I think the reason I’m so excited about seeing turkeys is that I knew lots of guys who were avid turkey hunters 30,40 years ago. I never heard them ever actually shooting one and they would talk about how wiley they were. Seems they almost never got to see one and would talk about hearing them as a big deal. Each had a turkey caller and instead of bragging about the turkeys they actually got, they’d brag about how they almost got one to follow their call. Eventually they switched over to hunting turkeys with bows and black powder guns. Never got any that way either but I think it was better for their ego to not get one using antique techniques rather than with the latest Italian shot gun. When we first got back to Florida I saw a few while driving which was incredible to me. With the first couple of sightings, I assumed it was my imagination and that they were some kind of unfamiliar buzzard. Now it’s common at a dinner party for somebody to say they saw a flock of 50. I still don’t believe much of that talk but will have to admit that I’m personally seeing them more often and in bigger flocks. So if times really get tough, maybe we can add wild turkey to our squirrel and possum larder. My guess is the reason there are so many of them is that the hunters woke up to the realization that the store bought variety were just better eating.

Fire Weed

It didn’t take long, 8 days, before I had to make a call to Vizio about the new TV. As predicted it had to do with the remote. One of us, really could have been either one, put the remote into a mode in which it wouldn’t control anything except the volume. You couldn’t even turn it off. I did all the obvious stuff – changed batteries in the remote, turned the power off with the wall plug and let it sit for a while before repowering it. None of that worked. Hell, I even read the manual – not a clue. It wasn’t a total disaster because all the normal buttons on the set worked so we could change channels that way. That would be a bummer if we were on cable or satellite with 1000 channels but as over the airwave purists we can zip through in a minute and in the back recesses of my mind, I was already adjusting to life without a remote.

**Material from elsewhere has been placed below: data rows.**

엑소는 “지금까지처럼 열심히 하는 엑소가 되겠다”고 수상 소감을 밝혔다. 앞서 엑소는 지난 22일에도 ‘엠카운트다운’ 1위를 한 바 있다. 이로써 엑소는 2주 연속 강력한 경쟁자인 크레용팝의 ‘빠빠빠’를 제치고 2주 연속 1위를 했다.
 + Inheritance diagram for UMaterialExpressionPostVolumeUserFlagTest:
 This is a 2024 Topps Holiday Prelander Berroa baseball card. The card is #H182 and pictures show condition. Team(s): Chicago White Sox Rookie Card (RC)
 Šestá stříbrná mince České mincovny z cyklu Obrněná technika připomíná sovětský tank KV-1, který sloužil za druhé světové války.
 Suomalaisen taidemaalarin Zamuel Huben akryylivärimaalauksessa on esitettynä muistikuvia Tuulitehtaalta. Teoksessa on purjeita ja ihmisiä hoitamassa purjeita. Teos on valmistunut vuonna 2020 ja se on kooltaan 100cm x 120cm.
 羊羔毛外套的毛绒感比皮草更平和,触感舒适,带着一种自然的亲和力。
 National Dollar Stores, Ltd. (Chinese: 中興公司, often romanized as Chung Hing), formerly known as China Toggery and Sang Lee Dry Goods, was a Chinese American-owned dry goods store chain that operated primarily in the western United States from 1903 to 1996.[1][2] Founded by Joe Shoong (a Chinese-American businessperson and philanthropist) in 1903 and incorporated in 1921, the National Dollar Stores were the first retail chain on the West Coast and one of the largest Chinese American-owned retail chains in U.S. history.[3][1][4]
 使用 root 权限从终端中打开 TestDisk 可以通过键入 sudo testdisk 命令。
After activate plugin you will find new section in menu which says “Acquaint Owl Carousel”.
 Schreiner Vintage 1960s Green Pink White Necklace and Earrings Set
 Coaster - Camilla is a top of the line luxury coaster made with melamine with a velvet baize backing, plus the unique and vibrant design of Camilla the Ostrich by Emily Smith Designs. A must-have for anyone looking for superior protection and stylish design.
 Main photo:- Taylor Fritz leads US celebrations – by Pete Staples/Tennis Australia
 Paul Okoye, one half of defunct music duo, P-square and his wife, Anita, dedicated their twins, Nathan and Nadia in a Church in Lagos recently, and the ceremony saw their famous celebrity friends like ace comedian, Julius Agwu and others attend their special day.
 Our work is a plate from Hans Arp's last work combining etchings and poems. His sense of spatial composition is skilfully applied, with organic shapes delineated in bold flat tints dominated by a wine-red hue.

Since I hadn’t bothered to send in the registration card, I was reluctant to try customer service. Then I noticed in the manual it said you could register online. Great. That meant I could register and then call, all within a couple of minutes or hours depending on how the dial up service was and how gigantic and fancy the Vizio site was. Even doing the online registration brought a surprise. The site brought up the usual registration form with all those fields to be filled in, some identified as mandatory, some optional. There was one unusual mandatory field – purchase price, not including sales tax. I’m thinking this is the manufacturer’s way of learning exactly what the retailers are charging. I filled in $800 which was very, very close to what I actually paid. My registration attempt was rejected with a note saying that there was invalid data in the form. I looked closely at all the complex fields – such as the 300 digit serial number field – working my way down the form to the purchase price field which was flagged for invalid data. I changed the data to $799.99 and the registration went right through. I would never have guessed that the manufacturer and the retailer were that tightly hooked on price.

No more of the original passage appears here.